For years, Japanese automakers have dominated the headlines of Consumer Reports as they — typically, in the past — have offered cars that fall on the convergence point of value, performance, economy, and reliability. However, after this last bout, it seems as though some are losing their edge.
While Toyota’s Lexus division fared quite well, it — and long-time CR favorite Infiniti – struggled to keep their positions against renewed competition from America and Europe. To drive that point home, here are some Japanese models that didn’t fare so well this time around and scored too low in the slew of more than 50 tests to qualify them for the Consumer Reports recommendation.
5. Acura RLX
With a rating of 74 from Consumer Reports, the Acura (NYSE:HMC) RLX doesn’t seem like it scored too terribly. However, CR notes that being a luxury car, the RLX is held to a high standard, and while the new RLX has “some good points” (powerful, spacious, and comfortable), it fell well short of its luxury competitors, mostly in ride and handling.
4. Honda Crosstour
The Crossover, built on the Honda Accord sedan frame, supposedly offers “the comfort of a sedan, flexibility of an SUV, and the cargo space of a wagon,” but as CR found “this platypus car” failed to meet any of those goals. In short, what worked well on paper failed to translate into the real world.
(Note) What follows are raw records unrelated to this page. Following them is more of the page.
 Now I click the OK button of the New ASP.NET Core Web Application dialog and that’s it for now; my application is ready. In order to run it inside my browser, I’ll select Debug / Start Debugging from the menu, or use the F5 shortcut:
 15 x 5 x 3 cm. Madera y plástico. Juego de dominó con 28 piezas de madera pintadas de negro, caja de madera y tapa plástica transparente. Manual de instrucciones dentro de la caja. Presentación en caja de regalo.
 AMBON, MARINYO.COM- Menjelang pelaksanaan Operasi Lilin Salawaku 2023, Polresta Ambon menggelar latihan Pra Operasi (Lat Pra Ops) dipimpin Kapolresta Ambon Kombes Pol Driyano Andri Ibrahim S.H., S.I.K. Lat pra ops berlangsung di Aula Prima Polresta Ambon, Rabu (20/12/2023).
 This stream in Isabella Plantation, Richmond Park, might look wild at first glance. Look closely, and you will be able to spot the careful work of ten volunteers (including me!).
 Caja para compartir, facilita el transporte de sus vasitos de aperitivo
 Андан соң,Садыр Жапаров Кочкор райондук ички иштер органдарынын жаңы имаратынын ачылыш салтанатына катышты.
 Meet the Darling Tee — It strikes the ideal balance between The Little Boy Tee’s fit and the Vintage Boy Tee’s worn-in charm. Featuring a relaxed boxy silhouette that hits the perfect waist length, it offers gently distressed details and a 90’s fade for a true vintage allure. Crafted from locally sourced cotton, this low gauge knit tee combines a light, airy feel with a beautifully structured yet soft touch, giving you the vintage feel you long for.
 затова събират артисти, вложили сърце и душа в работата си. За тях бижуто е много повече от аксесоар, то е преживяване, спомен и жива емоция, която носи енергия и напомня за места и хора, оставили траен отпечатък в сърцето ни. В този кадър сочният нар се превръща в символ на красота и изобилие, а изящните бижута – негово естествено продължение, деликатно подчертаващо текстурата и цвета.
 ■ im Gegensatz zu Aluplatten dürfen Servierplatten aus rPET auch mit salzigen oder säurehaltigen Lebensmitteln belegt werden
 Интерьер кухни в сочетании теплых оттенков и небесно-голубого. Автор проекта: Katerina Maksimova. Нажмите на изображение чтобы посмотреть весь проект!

Consumer Reports awarded it 62 points out of 100.
3. Nissan Sentra
Essentially a baby version of the Nissan (NSANY.PK) Altima, the Sentra didn’t quite live up to it’s older siblings standard. What would otherwise be a fine car was muddied by ”uncomfortable front seats, stiff ride, rubbery handling, and relentlessly noisy, and an underwhelming powertrain” it got a score of 64.
2. Nissan Versa Sedan
Though it’s one of the cheapest cars that one can buy new on the market, the Nissan Versa seems to embody the “get what you pay for” mentality, as it scored a mere 53 points from the panelists. The Versa “disappoints with a noisy, cheap interior, droning engine, jumpy ride, and lack of agility,” though a “relatively roomy backseat and commendable fuel economy at 32 miles per gallon,” but overall, it’s not enough to offset its weaknesses.
1. Toyota Yaris
Finally, with just 41 points, the Toyota (NYSE:TM) Yaris — Toyota’s cheapest model, which apparently behaves as such. Consumer Reports lamented the slow acceleration, ho-hum handling, noisy cabin, busy ride, and awkward driving position that the Yaris offered, noting that the Yaris “serves as merely basic transportation, while most competitors offer a more satisfying base model.”